PROVIDED RECORDS Start Marker
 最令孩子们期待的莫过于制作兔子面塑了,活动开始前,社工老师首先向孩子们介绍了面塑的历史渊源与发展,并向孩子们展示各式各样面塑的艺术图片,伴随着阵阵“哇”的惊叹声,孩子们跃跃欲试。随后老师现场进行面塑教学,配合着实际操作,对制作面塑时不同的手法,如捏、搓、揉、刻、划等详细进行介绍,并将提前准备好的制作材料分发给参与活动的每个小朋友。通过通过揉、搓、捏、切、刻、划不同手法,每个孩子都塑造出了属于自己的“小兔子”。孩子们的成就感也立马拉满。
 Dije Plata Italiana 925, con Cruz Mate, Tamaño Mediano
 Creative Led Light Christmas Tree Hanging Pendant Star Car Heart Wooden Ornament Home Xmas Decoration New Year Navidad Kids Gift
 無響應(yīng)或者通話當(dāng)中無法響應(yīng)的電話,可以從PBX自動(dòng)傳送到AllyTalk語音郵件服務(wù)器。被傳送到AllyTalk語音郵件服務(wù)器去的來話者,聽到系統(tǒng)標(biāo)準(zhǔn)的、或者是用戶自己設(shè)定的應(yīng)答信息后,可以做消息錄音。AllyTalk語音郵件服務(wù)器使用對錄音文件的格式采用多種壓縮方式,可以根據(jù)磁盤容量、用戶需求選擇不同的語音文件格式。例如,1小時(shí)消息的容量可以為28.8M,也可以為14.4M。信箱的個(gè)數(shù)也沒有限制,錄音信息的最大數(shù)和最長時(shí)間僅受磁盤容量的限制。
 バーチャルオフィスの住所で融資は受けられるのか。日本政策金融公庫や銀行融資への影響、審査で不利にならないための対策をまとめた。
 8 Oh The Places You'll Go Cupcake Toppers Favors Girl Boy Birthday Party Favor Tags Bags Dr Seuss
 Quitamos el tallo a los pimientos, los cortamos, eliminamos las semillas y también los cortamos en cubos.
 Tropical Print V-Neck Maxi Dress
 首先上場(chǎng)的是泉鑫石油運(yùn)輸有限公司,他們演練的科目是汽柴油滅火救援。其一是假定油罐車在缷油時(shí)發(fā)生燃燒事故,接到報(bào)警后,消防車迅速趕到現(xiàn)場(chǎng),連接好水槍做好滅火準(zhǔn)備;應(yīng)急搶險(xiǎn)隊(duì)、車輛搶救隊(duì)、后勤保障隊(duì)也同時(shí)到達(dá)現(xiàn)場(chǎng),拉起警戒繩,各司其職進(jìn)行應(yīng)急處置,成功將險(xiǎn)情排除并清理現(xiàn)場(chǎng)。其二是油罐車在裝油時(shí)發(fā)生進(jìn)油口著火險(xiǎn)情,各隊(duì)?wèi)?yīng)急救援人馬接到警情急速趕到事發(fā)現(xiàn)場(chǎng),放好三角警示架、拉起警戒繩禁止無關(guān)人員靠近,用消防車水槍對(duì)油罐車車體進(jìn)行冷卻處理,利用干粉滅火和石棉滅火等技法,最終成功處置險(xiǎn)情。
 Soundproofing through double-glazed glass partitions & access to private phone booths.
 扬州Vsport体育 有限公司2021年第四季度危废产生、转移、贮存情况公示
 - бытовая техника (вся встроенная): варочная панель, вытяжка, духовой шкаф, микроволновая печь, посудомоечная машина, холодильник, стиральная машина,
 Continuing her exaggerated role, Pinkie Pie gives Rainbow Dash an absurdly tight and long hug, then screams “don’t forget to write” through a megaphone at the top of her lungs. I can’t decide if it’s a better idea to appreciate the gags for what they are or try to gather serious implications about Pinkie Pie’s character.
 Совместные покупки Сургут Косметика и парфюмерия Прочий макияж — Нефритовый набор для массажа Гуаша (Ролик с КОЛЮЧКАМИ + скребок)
PROVIDED RECORDS End Marker
PROVIDED RECORDS Start Marker
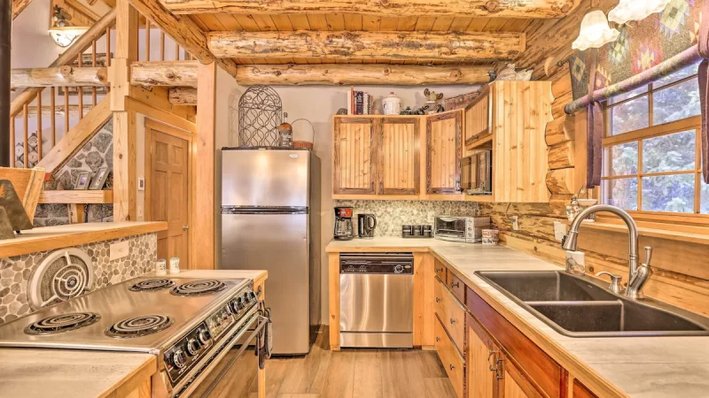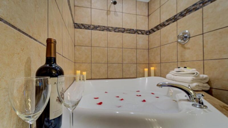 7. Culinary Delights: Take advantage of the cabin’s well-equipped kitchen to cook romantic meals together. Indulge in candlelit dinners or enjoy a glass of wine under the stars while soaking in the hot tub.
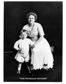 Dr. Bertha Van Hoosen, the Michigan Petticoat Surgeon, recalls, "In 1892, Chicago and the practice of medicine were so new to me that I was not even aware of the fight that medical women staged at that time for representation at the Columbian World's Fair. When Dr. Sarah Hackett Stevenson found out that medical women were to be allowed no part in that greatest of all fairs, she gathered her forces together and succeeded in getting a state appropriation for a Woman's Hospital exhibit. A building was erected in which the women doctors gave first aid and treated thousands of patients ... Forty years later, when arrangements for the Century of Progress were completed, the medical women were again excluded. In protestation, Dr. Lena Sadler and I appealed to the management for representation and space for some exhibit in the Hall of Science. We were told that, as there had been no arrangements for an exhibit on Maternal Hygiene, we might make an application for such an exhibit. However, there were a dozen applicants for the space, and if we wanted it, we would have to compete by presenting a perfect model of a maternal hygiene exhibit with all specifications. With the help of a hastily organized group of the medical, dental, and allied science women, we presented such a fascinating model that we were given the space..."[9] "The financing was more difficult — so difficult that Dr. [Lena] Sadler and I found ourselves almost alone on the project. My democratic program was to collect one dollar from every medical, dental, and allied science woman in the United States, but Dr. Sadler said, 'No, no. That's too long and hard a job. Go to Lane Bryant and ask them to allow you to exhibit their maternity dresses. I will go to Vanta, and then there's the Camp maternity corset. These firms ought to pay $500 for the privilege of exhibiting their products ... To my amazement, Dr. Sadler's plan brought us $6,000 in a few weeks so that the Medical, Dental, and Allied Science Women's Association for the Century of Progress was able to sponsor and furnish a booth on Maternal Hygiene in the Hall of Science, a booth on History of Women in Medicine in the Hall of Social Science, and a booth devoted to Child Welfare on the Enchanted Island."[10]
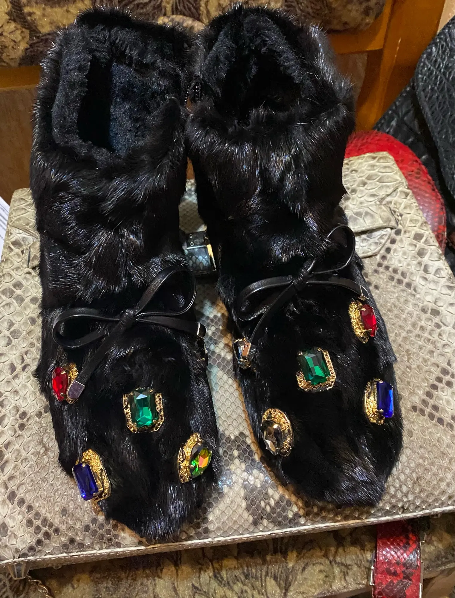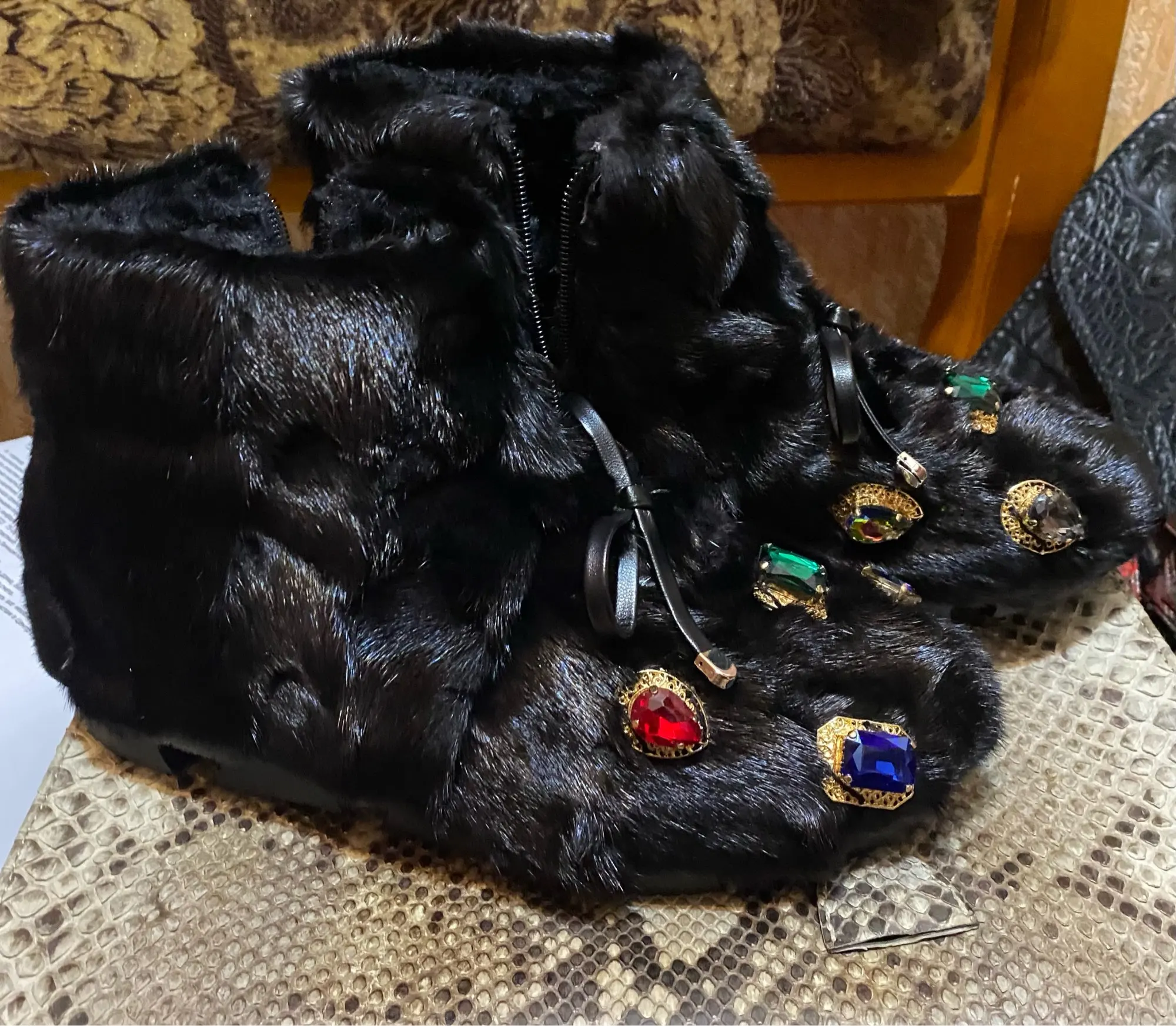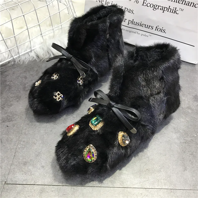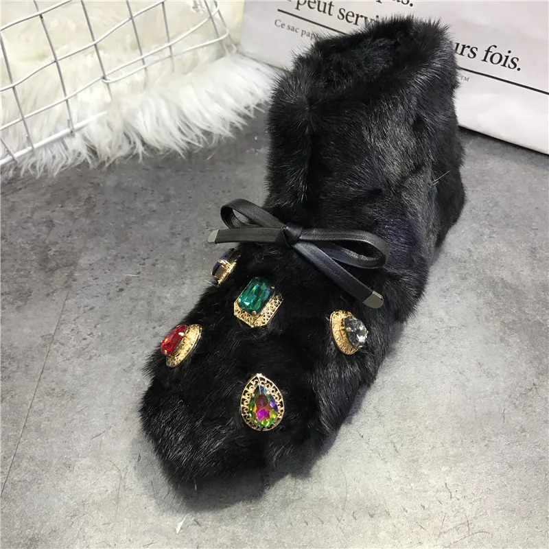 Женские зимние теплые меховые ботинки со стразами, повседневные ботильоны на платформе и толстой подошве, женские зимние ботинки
PROVIDED RECORDS End Marker
PROVIDED RECORDS Start Marker
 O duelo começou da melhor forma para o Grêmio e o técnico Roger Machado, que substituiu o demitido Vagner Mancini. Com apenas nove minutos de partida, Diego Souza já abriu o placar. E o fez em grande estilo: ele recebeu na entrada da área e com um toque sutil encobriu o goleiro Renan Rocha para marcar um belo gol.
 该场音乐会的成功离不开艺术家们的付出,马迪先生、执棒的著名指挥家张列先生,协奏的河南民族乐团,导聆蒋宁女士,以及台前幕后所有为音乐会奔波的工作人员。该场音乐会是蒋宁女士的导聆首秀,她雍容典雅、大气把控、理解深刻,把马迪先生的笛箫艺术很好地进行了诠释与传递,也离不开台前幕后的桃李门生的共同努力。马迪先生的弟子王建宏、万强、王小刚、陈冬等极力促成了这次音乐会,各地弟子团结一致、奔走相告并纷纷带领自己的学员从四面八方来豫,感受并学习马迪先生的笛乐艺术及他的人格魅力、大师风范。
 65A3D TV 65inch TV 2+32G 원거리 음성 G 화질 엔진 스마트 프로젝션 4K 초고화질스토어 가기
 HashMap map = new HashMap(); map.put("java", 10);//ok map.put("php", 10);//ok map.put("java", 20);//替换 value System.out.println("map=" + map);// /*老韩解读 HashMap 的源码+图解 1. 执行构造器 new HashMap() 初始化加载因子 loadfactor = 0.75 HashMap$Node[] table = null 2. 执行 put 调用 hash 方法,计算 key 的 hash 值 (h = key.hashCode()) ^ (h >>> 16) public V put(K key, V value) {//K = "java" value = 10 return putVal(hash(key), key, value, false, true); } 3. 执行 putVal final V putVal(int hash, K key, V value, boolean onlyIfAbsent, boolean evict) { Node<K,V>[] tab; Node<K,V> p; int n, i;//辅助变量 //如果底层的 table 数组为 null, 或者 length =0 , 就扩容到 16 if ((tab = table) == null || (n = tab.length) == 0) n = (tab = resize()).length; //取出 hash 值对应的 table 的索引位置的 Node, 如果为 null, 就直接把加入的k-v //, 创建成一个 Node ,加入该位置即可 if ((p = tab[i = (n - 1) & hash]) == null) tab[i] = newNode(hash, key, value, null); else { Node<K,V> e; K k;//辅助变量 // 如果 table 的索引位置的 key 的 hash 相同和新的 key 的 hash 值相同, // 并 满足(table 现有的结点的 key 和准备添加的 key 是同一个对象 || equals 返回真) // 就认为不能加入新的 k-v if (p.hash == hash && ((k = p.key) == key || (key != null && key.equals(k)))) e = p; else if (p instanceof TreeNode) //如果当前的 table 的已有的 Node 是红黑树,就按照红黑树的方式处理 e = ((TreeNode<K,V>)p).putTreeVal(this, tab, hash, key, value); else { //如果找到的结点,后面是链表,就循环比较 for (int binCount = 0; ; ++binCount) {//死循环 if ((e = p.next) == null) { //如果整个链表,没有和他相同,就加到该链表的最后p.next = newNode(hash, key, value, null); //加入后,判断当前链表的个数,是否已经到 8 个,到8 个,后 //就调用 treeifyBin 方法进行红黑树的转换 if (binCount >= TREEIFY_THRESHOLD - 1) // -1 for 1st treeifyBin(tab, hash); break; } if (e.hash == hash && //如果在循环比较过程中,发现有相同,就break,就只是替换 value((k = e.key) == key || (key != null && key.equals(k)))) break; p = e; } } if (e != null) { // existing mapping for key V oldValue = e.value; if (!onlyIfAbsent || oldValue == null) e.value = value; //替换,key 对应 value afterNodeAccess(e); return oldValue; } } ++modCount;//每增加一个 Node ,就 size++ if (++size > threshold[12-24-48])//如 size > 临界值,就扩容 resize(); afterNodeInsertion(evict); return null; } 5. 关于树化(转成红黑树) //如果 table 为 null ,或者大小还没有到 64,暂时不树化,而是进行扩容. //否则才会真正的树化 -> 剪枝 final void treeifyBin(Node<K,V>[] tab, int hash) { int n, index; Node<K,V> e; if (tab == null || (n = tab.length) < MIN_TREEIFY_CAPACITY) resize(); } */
PROVIDED RECORDS End Marker
YOUR GOAL: Could you repeat exactly the lines above from the line with "最令孩子们期待的莫过于制作兔" up to and including the line with "扬州Vsport体育 有限公司2021年第四季度危废产生、转移、贮存情况公示", and only those?

ANSWER TO THIS EXERCISE:
 最令孩子们期待的莫过于制作兔子面塑了,活动开始前,社工老师首先向孩子们介绍了面塑的历史渊源与发展,并向孩子们展示各式各样面塑的艺术图片,伴随着阵阵“哇”的惊叹声,孩子们跃跃欲试。随后老师现场进行面塑教学,配合着实际操作,对制作面塑时不同的手法,如捏、搓、揉、刻、划等详细进行介绍,并将提前准备好的制作材料分发给参与活动的每个小朋友。通过通过揉、搓、捏、切、刻、划不同手法,每个孩子都塑造出了属于自己的“小兔子”。孩子们的成就感也立马拉满。
 Dije Plata Italiana 925, con Cruz Mate, Tamaño Mediano
 Creative Led Light Christmas Tree Hanging Pendant Star Car Heart Wooden Ornament Home Xmas Decoration New Year Navidad Kids Gift
 無響應(yīng)或者通話當(dāng)中無法響應(yīng)的電話,可以從PBX自動(dòng)傳送到AllyTalk語音郵件服務(wù)器。被傳送到AllyTalk語音郵件服務(wù)器去的來話者,聽到系統(tǒng)標(biāo)準(zhǔn)的、或者是用戶自己設(shè)定的應(yīng)答信息后,可以做消息錄音。AllyTalk語音郵件服務(wù)器使用對錄音文件的格式采用多種壓縮方式,可以根據(jù)磁盤容量、用戶需求選擇不同的語音文件格式。例如,1小時(shí)消息的容量可以為28.8M,也可以為14.4M。信箱的個(gè)數(shù)也沒有限制,錄音信息的最大數(shù)和最長時(shí)間僅受磁盤容量的限制。
 バーチャルオフィスの住所で融資は受けられるのか。日本政策金融公庫や銀行融資への影響、審査で不利にならないための対策をまとめた。
 8 Oh The Places You'll Go Cupcake Toppers Favors Girl Boy Birthday Party Favor Tags Bags Dr Seuss
 Quitamos el tallo a los pimientos, los cortamos, eliminamos las semillas y también los cortamos en cubos.
 Tropical Print V-Neck Maxi Dress
 首先上場(chǎng)的是泉鑫石油運(yùn)輸有限公司,他們演練的科目是汽柴油滅火救援。其一是假定油罐車在缷油時(shí)發(fā)生燃燒事故,接到報(bào)警后,消防車迅速趕到現(xiàn)場(chǎng),連接好水槍做好滅火準(zhǔn)備;應(yīng)急搶險(xiǎn)隊(duì)、車輛搶救隊(duì)、后勤保障隊(duì)也同時(shí)到達(dá)現(xiàn)場(chǎng),拉起警戒繩,各司其職進(jìn)行應(yīng)急處置,成功將險(xiǎn)情排除并清理現(xiàn)場(chǎng)。其二是油罐車在裝油時(shí)發(fā)生進(jìn)油口著火險(xiǎn)情,各隊(duì)?wèi)?yīng)急救援人馬接到警情急速趕到事發(fā)現(xiàn)場(chǎng),放好三角警示架、拉起警戒繩禁止無關(guān)人員靠近,用消防車水槍對(duì)油罐車車體進(jìn)行冷卻處理,利用干粉滅火和石棉滅火等技法,最終成功處置險(xiǎn)情。
 Soundproofing through double-glazed glass partitions & access to private phone booths.
 扬州Vsport体育 有限公司2021年第四季度危废产生、转移、贮存情况公示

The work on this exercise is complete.